5. Naming Conventions

Clear naming makes code self-documenting and reduces errors.

Check these items:

  • Variable names are descriptive: log_wage not x1, treatment_post not tp, firm_size_avg not fs.
  • Naming is consistent across scripts. If one script calls it ln_income, do not call it log_inc in another.
  • File names indicate content and order: 01_clean_data.R, 02_construct_variables.R, 03_main_regressions.R.
  • Output files are named to match the paper: table_1_summary_stats.tex, figure_3_event_study.pdf.
  • Temporary or intermediate variables are clearly marked and cleaned up.

6. Testing

Research code deserves the same testing discipline as production software, adapted to the academic context.

Check these items:

  • Key functions have unit tests. If you wrote a function to compute a Herfindahl index, test it on a simple case where you know the answer.
  • Regression results are sanity-checked: sign of coefficient, order of magnitude, comparison with back-of-envelope calculations.
  • End-to-end tests verify that the pipeline produces expected output from known input. Use a small synthetic dataset.
  • Sensitivity tests for hardcoded parameters are implemented (not just described in the paper). If you winsorize at the 1st and 99th percentiles, the code should make it easy to change this and rerun.
  • After major refactoring, compare outputs to the previous version to verify nothing changed unintentionally.

7. Version Control

Version control is not optional for research code.

Check these items:

  • The project uses Git (or equivalent).
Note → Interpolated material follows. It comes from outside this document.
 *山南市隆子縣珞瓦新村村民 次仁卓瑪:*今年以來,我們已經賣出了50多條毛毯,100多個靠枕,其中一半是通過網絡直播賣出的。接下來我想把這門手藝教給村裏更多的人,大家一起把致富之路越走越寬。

All code is tracked.
  • .gitignore excludes data files (especially large or confidential ones), compiled files, and editor-specific files.
  • Commits are atomic and have descriptive messages: "Add IV specification for Table 5" not "updates" or "stuff."
  • The repository contains no API keys, passwords, or personally identifiable data.
  • The state of the code that produced the submitted paper is tagged or recorded (e.g., git tag v1-submission).
  • If data cannot be shared, the repository includes a data dictionary and instructions for obtaining the data.

8. Performance and Scalability

Not always critical, but important for large datasets or computationally intensive methods.

Check these items:

  • Loops over observations are vectorized where possible (especially in R and Python -- avoid row-by-row operations on data frames).
  • Bootstrap and simulation code can be parallelized.
  • Memory usage is reasonable. Do not load the entire dataset into memory if you only need a subset.
  • Long-running computations save intermediate results so they do not need to be rerun from scratch.
  • Expected runtime is documented for key scripts.
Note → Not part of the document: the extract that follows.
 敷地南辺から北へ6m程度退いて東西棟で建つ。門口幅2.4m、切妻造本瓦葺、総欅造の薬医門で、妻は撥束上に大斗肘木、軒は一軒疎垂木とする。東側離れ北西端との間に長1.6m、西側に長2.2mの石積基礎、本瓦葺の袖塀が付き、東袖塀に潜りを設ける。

9. Language-Specific Checks

Stata

  • set seed before any randomization.
  • assert after merges to verify merge quality.
  • eststo / esttab or equivalent for reproducible table output.
  • log using to capture console output.

R

  • set.seed() before random operations.
  • Use renv for package management.
  • Prefer tidyverse or data.table consistently, not a mix that confuses readers.
  • Use fixest or lfe for large fixed-effects regressions (orders of magnitude faster than lm with dummy variables).

Python

  • Use pandas with explicit dtypes on read.
  • Prefer statsmodels or linearmodels for econometric regressions.
  • Use virtual environments (venv, conda).
  • Type hints for functions that will be reused.

Pre-Submission Final Check

Before submitting a replication package:

  • Clone the repository to a fresh directory and run the master script from scratch.
  • Verify that every table and figure in the paper is produced.
  • Verify that all numbers cited in the text (including those in the introduction and conclusion) can be traced to a specific line of code.
  • Remove any dead code, commented-out experiments, or personal notes.
  • Include a LICENSE file (MIT or BSD are common for research code).
  • Check that the README answers: What software? What data? How to run? What to expect?